Singapore Airlines (SIA) has re-stated its plans to continue buying into foreign airlines, despite troubles at associates Air New Zealand (ANZ) and Virgin Atlantic, which threaten to drag the carrier into its first-ever year in the red.

SIA's deputy chairman and chief executive Cheong Choong Kong told employees: "Carrying on as usual would mean stagnation and declining returns on capital. A large carrier with a tiny home base cannot expect continuing growth and steady profits. The reasons for investing in other airlines are as valid today as a year ago."
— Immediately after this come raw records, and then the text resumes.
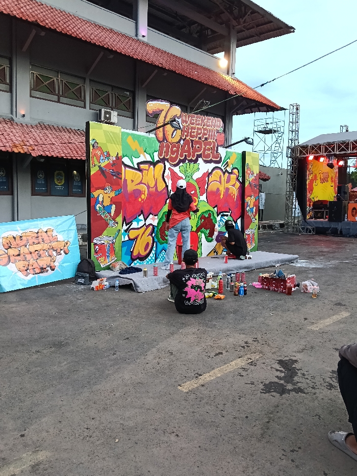 An outdoor scene in Margorejo, Indonesia, depicts a graffiti art event taking place on asphalt pavement in front of a large building and a temporary stage. Three individuals are actively engaged with a tall, multi-panel graffiti wall displaying colorful street art. In the center, a person wearing a white cap, dark top, and blue jeans stands, spraying paint onto the wall. To their right, a second person, clad in a black top and dark pants, crouches and also applies paint. A third individual is seated on the pavement in the foreground, facing away from the viewer, wearing a black t-shirt with a pink graphic on the back. A fourth person's lower legs and feet are partially visible in the far right foreground. The graffiti wall itself features vibrant, cartoon-style elements, including bold lettering, various characters, and a prominent banner across the top reading "76 WEEKEND HEPPIII NGAPEL." Numerous spray paint cans of various colors are scattered on the ground directly in front of the wall, many placed on a grey mat. A black "VANS" backpack and a light blue banner with graffiti text lie on the pavement to the left of the main wall. In the background, a multi-story building with a red tiled roof and grey walls features windows with dark frames and visible air conditioning units. To the far right, a temporary stage structure with lighting rigs and an illuminated screen is set up, indicating an ongoing or upcoming event. Metal scaffolding is also visible near the stage. The sky is light and overcast, suggesting late afternoon or early evening. The ground is asphalt with faint yellow line markings.
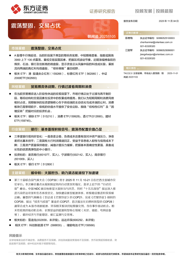 交易策略 震荡整固 ETF投资 碳中和 银行板块
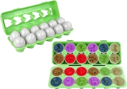 Bij het combineren oefenen kinderen oog-handcoördinatie, waarneming van kleuren en vormen en verbeteren zij geheugen en concentratie. Duurzame en veilige materialen zorgen voor een lange levensduur en zorgeloos spel. De compacte afsluitbare doos in de vorm van een eierdoos maakt opbergen en meenemen eenvoudig.
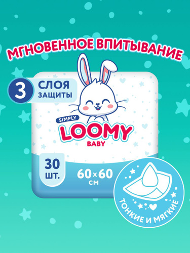 Пеленки одноразовые впитывающие Loomy Baby Simply, 90x60 см, 30 шт
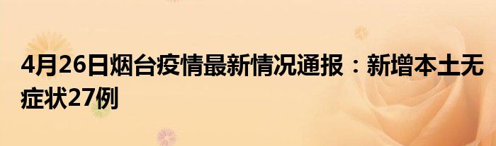大家好,小安來(lái)為大家解答以上的問(wèn)題4月26日煙臺(tái)疫情最新情況通報(bào):新增本土無(wú)癥狀27例這個(gè)很多人還不知道,現(xiàn)在讓我們一起來(lái)看看吧!
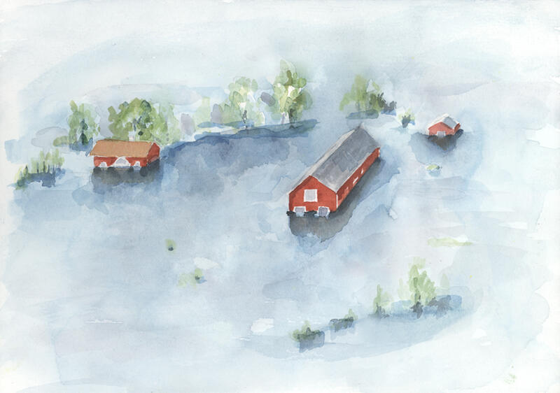 Akvarell illustrationer för Länsstyrelsen i Dalarna på temat krisberedskap
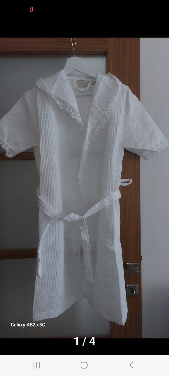 Bu beyaz yazlık bornoz ve ya sabahlık, yakasında ve kollarında dantel detaylar bulunan dokulu kumaşa sahiptir. Ayarlanabilir kemerli klasik stilde bir üründür.

The Singaporean carrier's strategy of buying into other airlines has been criticised by some analysts and shareholders. Early in 2000, it took a 49% stake in Virgin, and last year a 25% stake in ANZ. While Virgin brought profits to SIA in the year ended 31 March 2001, it has since been suffering, particularly following 11 September. Cheong concedes that Virgin, which "derives over 70% of its revenue from the battered transatlantic route, is hurting, and we will have to share the pain".

SIA's 2001 investment in ANZ nosedived after the New Zealand airline's financial difficulties led to renationalisation, leaving the state with 82%, and diluting SIA's holding to just over 4%. SIA has already lost hundreds of millions of dollars from its involvement with ANZ.
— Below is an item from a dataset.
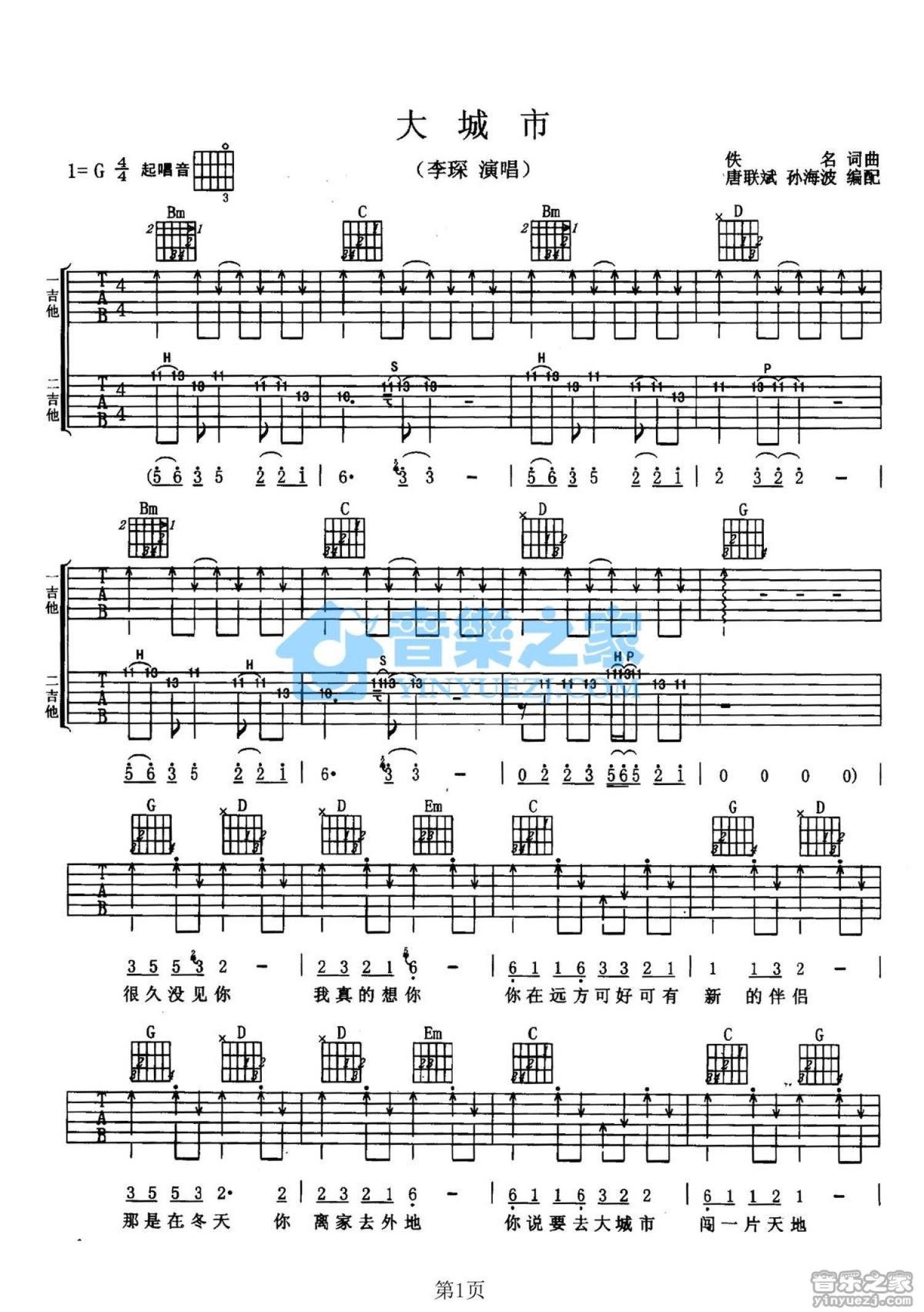 曲谱介绍: G调双吉他版李琛《大城市》吉他弹唱六线谱

Cheong insists that, despite the ANZ and Virgin setbacks, "none requires abandonment of our objective". SIA reported an 88% drop in first-half net profit late last year, and warned of a loss for the year ending 31 March 2002, which would be the first in its history.

Although some analysts claim to see signs of a recovery in traffic, Cheong says that "convincing signs have yet to emerge".